Urea production is directly proportional to the daily protein intake, and restriction of dietary protein intake results in a reduction of urea generation [33]. Many studies regarding the efficacy of dietary protein restriction on kidney disease progression have been conducted; however, results have been inconsistent. The largest randomized controlled trial, the Modification of Diet in Renal Disease study, demonstrated that a very low-protein diet (VLPD) supplemented with ketoacids slowed the rate of CKD progression compared with a low-protein diet (LPD), but this was not statistically significant [34]. Two meta-analyses in the 2000s noted that an LPD significantly decreased the risk of adverse renal outcomes in nondiabetic patients [35] but not in diabetic patients [36]. A recent meta-analysis investigated the effects of LPD and VLPD on various outcome measures in CKD patients [37]. Patients who received an LPD had a significantly reduced risk of progression to ESRD compared with those who received higher protein diets.
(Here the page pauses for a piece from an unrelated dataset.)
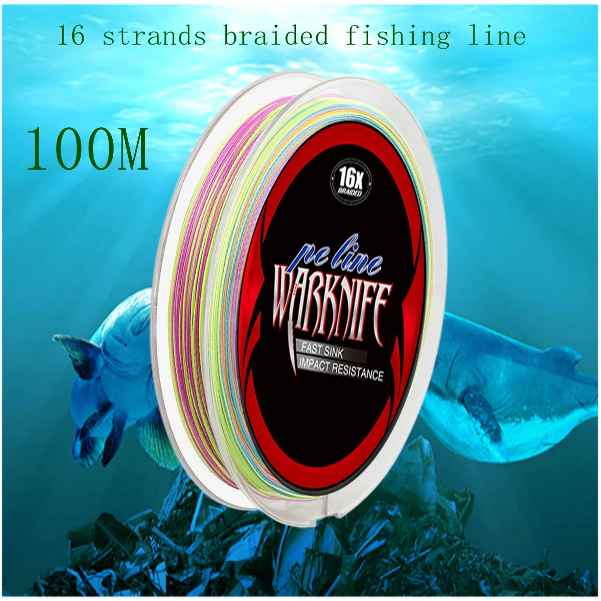 Warknife 16 hebras 100M núcleo hueco 100% PE línea de pesca trenzada extrema 20LBs-400LBs línea de ganchos de asistencia MulticolorCaracterísticas:- Última tecnología de fabricación

In addition, the risk of progression to ESRD was significantly lower in patients who received a VLPD than in those who received an LPD. Garneata et al. also noted that a vegetarian VLPD supplemented with ketoanalogues could delay the need to initiate dialysis compared with an LPD and that VLPD recipients showed improvement in metabolic parameters, including a decrease in serum urea, compared with LPD recipients [38]. In the present study, we did not assess dietary protein intake or BUN levels in each patient after discharge. Therefore, we could not evaluate whether the amount of protein intake after discharge affected changes in BUN levels or adverse renal outcomes or whether the degree of change in BUN levels was related to the rate of CKD progression.

Study limitations

This study had some limitations. First, patients who were admitted to a single regional hospital were recruited in this cohort; as a result, this study had relatively small sample size, old patients, and the number of male patients more than twice that of female patients. Accordingly, selection bias may exist in this population. In the stratified analyses (Fig. 4), higher BUN levels were independently associated with adverse renal outcomes in male subjects, but not in female subjects. In addition, a significant association was observed in the higher age group but not in the lower age group. Second, we did not examine uremic toxins, such as indoxyl sulfate and p-cresyl sulfate, which are associated with kidney disease progression [39, 40]. Third, we did not evaluate protein intake before admission or precise volume status at admission, which could have affected baseline BUN levels. A previous report suggested that left atrial diameter could be considered a marker of volume status in dialysis patients [41]. We assessed left atrial diameter in each patient and it was slightly increased in the higher BUN quartiles (Table 1). This suggests that higher BUN levels did not reflect volume depletion. Fourth, the follow-up period in the present study was relatively short. Finally, it might be considered that a single BUN measurement does not provide sufficient accuracy for predicting the renal outcome.

Conclusions

Higher BUN levels were identified as a risk factor for kidney disease progression in patients with moderate to severe CKD, independent of eGFR. Although cSosm levels increased together with BUN levels, they were not independently associated with a poor outcome. Additionally, based on the sensitivity analysis, it is also suggested that BUN levels are associated with adverse renal outcomes, independent of kidney function. Our findings suggest that the measurement of BUN levels may be useful for predicting renal outcomes.